|
Here's what's supposed to happen: A student on campus wants to do a research project analyzing a large number of journal articles, or even just the metadata around a large number of journal articles. They approach their librarian, the librarian approaches the journal vendor (JSTOR or someone else), and everyone works together to find a way to get the student their data. Maybe the vendor hands over a special dataset. Maybe they give them back-end access to their database. Maybe they allow the student to run a Python script against their website, but only in the middle of the night so as not to slow down service for other users. Here's what sometimes happens instead: The student writes and runs a clever script, the vendor notices that their servers have slowed due to automated script activity on their webpages, shuts down access from that IP address, and lets the school know. University IT staff and librarians drop what they're doing and try to track down the party responsible. Once they've been identified, the nice librarian has to have a talk with the student about what's permitted under the university's license agreement with the publisher, and together they go to the data vendor to ask forgiveness and permission. They usually get it. Here's what Aaron did: He walked onto the MIT campus, set up a script not to analyze metadata but to actually download large numbers of documents, and when his IP was blocked, he used traditional hacking as well as Johnny Long-style "no-tech hacking" to get around it.

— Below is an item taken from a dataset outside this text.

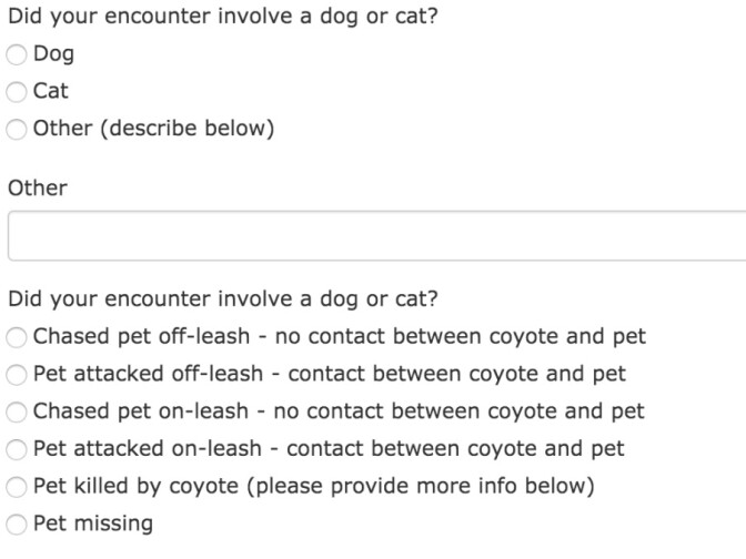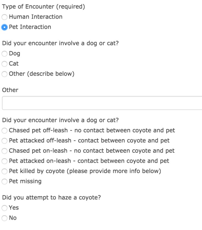 Reporting a coyote encounter on the Coyote Cacher is an exercise in specificity. You will first be prompted to choose whether it was a human or pet interaction. If human, did you see the coyote? Did it follow you? Did it actually bite you?

http://video.google.com/videoplay?docid=-2160824376898701015 Publishers, rightly or wrongly, assume that someone systematically downloading entire journal runs is intending to set up a shadow database to give away their content for free. The feds seem to agree, in this case. The thing that gets me is that JSTOR was more than reasonable in this case. They didn't immediately shut down the whole campus (like some overly-aggressive publishers do), but started with the IP addresses involved. When it didn't stop, they had to cut off access completely. Aaron, who isn't even a student at MIT, managed to kick the whole campus off JSTOR for weeks, and as soon as they restored access, he went at it again. If I were a librarian at MIT, I'd want the book thrown at him. |